What adjustment do I have to make to make it choose between only -1 and 1?

\documentclass{article}

\usepackage{pgf}
\usepackage{pgffor}

\pgfmathsetseed{\number\pdfrandomseed}

\begin{document}

\pgfmathsetmacro{\x}{int(random(-1,1))}

\x

\end{document}
5
  • 1
    And more generally, how would I randomly assign\x a value from a fixed and arbitrary set of constants? Nov 12, 2016 at 1:41
  • Yes. I'd like each number in the set to be equally likely. Nov 12, 2016 at 4:44
  • I posted code to do exactly that to one of your questions the other day:-) Nov 12, 2016 at 9:07
  • You mention picking values from "a fixed and arbitrary set of constants" -- what kinds of constants do you have in mind? Numbers, one-dimensional string constants, multi-dimensional structures? Please clarify your objective(s).
    – Mico
    Nov 13, 2016 at 0:04
  • Just a set of numbers. Nov 13, 2016 at 5:37

6 Answers 6

12

There is a PGF math function to choose randomly from a list of items. This can be used to solve the general problem:

\documentclass{article}
\usepackage{pgffor}
\begin{document}
\pgfmathdeclarerandomlist{ones}{{-1}{1}}
\foreach \x in {1,...,10}{
\pgfmathrandomitem{\choice}{ones}
\choice\space
}

\pgfmathdeclarerandomlist{choices}{{1}{0}{-1}{2}{-2}}
\foreach\x in {1,...,10}{
\pgfmathrandomitem{\choice}{choices}
\choice\space
}
\end{document}

output of code

0
11

Here's a LuaLaTeX-based solution. It outputs the result of \x in math mode; if you don't need that, just remove the two $ symbols used in the definition of \x. (In case you're curious how this works: The Lua function math.random(2) generates the numbers 1 and 2 with equal probability. Multiplying math.random(2) by 2 and subtracting 3 thus generates the numbers -1 and 1 with equal probability.)

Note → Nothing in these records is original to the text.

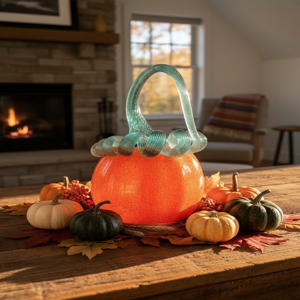 Sticking with tradition, our orange pumpkin sports our signature twisty silver green stem. Add it to your autumn decor collection and bring a great pop of colour to a dull day.
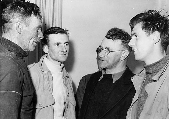 Description: Shipwrecked crew of the Empire Flamingo with the crew of the Sennen Cove Lifeboat
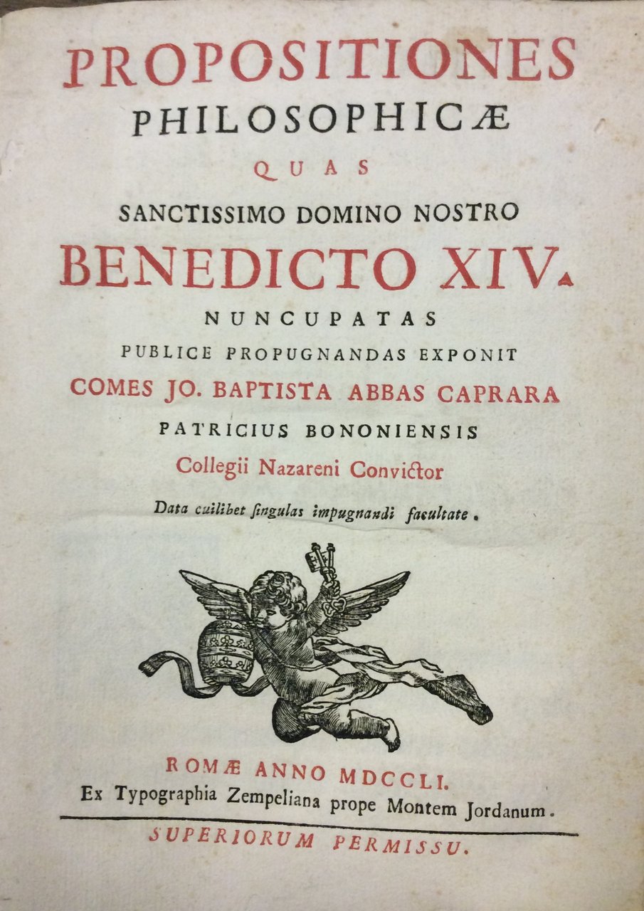 PROPOSITIONES PHILOSOPHICAE QUAS SANCTISSIMO DOMINO NOSTRO BENEDICTO XIV. - Nuncupatas publice propugnandas exponit comes Jo. Baptista Abbas Caprara patricius Bononiensis Collegii Nazareni convictor, data cuilibet singulas impugnandi facultate.
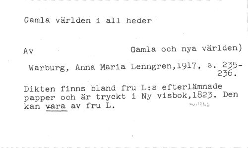 Gamla världen i all heder //// Av Gamla och nya världen) //// Warburg, Anna Maria Lenngren,1917, s. 235- //// 236. //// Dikten finns bland fru L:s efterlämnade papper och är tryckt i Ny visbok,1823. Den kan vara av fru L.
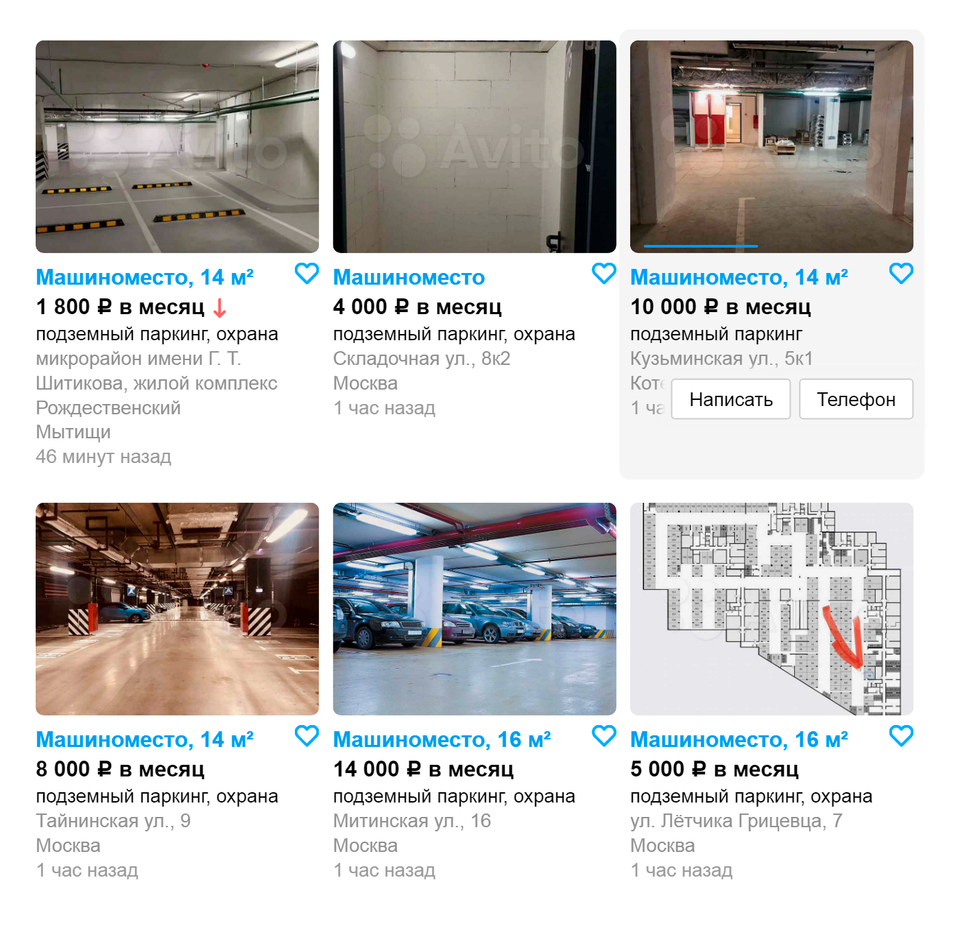 Предложения аренды машино-мест в подземных паркингах. Источник: avito.ru
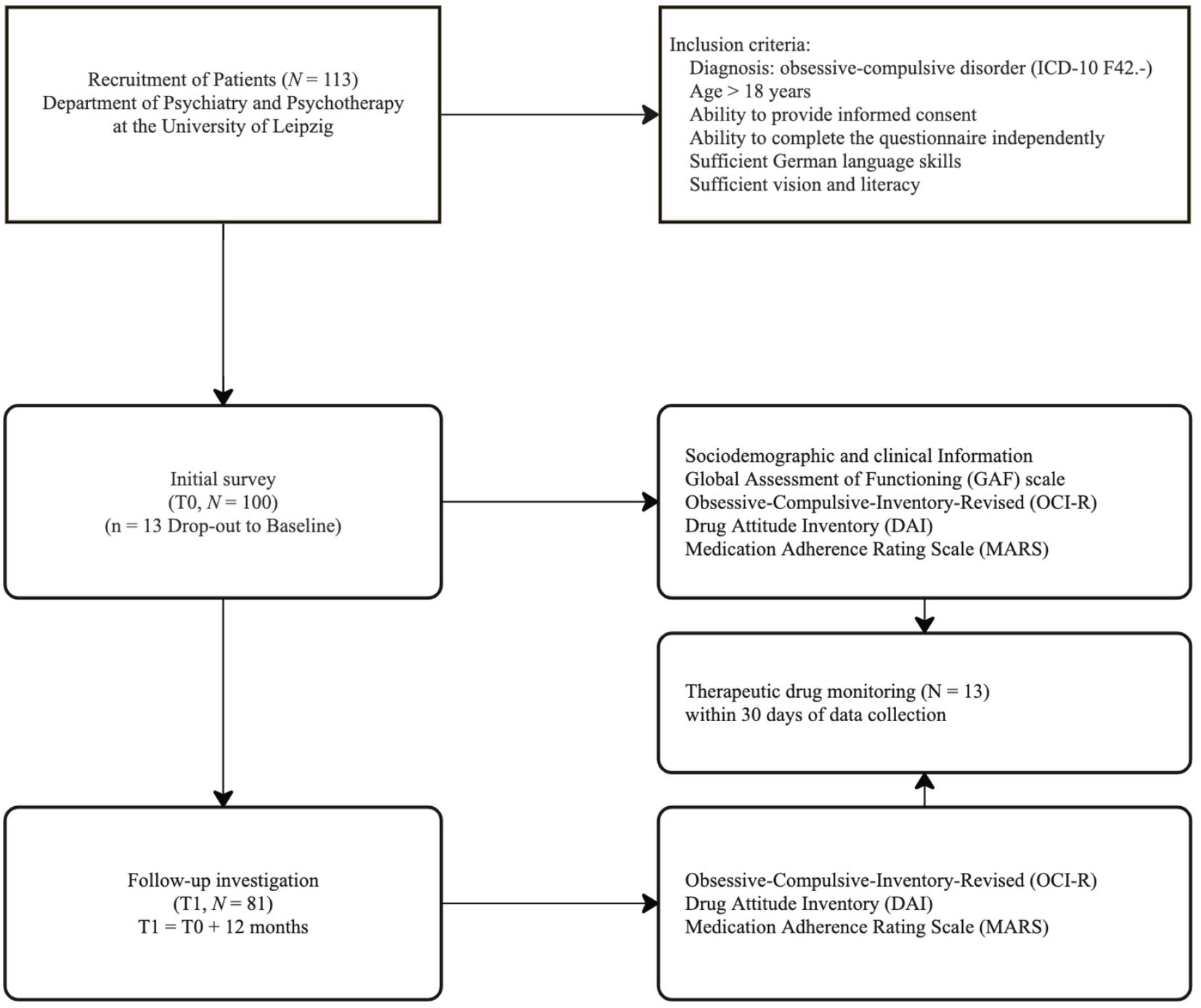 The initial investigation included all evaluation tools mentioned below. A total of N = 100 individuals completed this assessment in the initial survey T0 and were enrolled in the study. A total of N = 81 (81%) individuals took part in the follow-up investigation T1. Figure 1 provides the study flow chart. A subsample of participants (N = 13) who provided consent for blood sampling and had appointments scheduled within the study timeframe were included in the TDM subgroup. This pragmatic selection was based on feasibility considerations and ethics approval constraints.
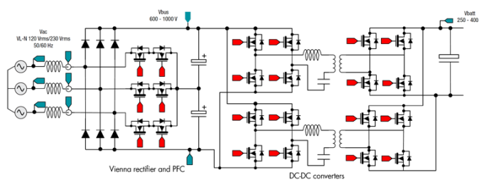 此图显示了双有源全桥单相DC/DC变换器(DAB)的组成,左边是维也纳的高压桥整流器/ PFC (700 - 800 V),右边是电源电路, 为电池充电(380 - 500v)。这样的安排可使叠加转换器实现高功率输出,并提供双向操作模式,支持电池的充放电应用。
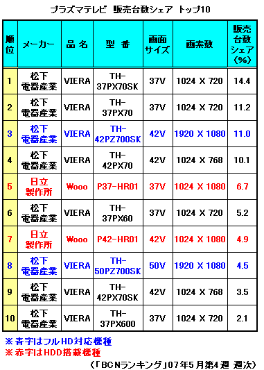 プラズマテレビで37V型の最上位機種が好調だ。「BCNランキング」5月第4週(5月21-27日)の販売台数シェアでは、07年4月発売の松下電器産業「TH-37PX70SK」が14.4%で、5月第2週(5月7-13日)から3週続けて1位を獲得している。
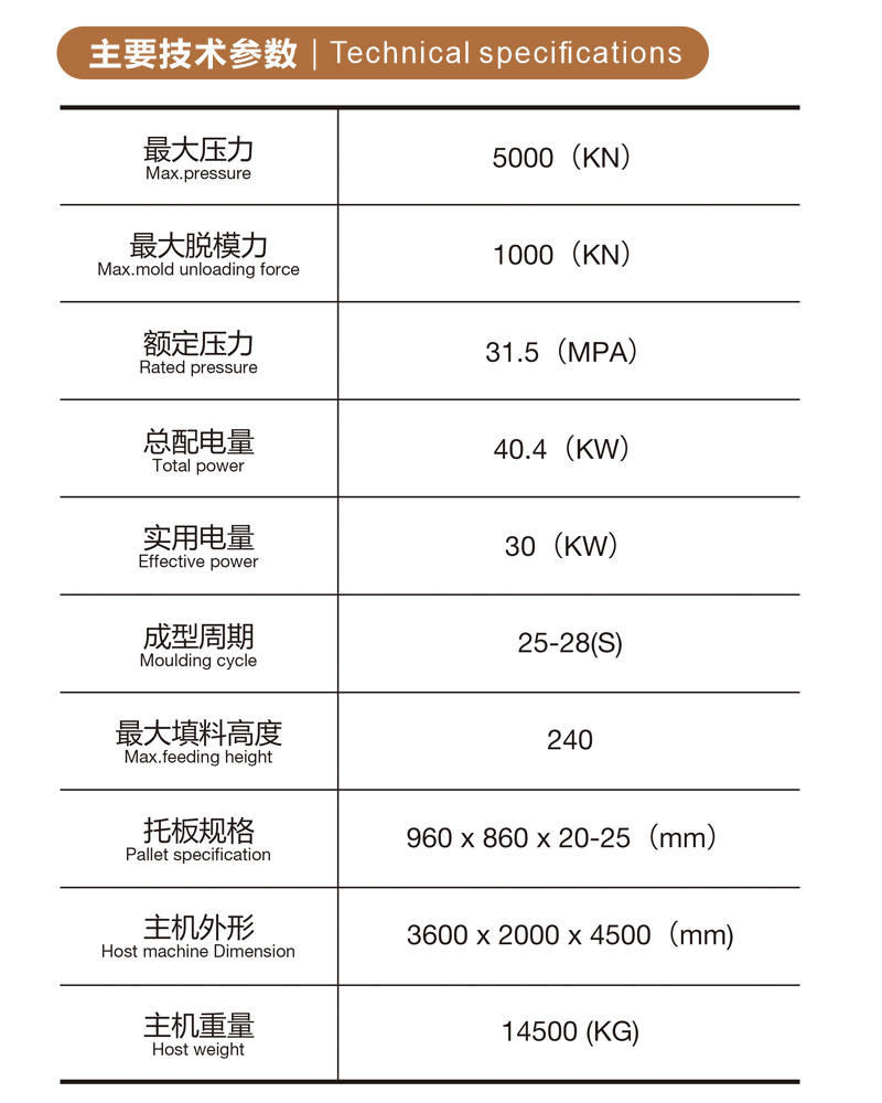 | 最大壓力 (KN) | 5000 | 成型周期 (s) | 25-28 |

enter image description here

\documentclass{article}
\newcommand\x{$\directlua{tex.sprint(2*math.random(2)-3)}$}
\begin{document}
\x, \x, \x, \x, \x; \x, \x, \x, \x, \x; \x, \x, \x, \x, \x  
\end{document}

You further asked,

How would I randomly assign \x a value from a fixed and arbitrary set of constants?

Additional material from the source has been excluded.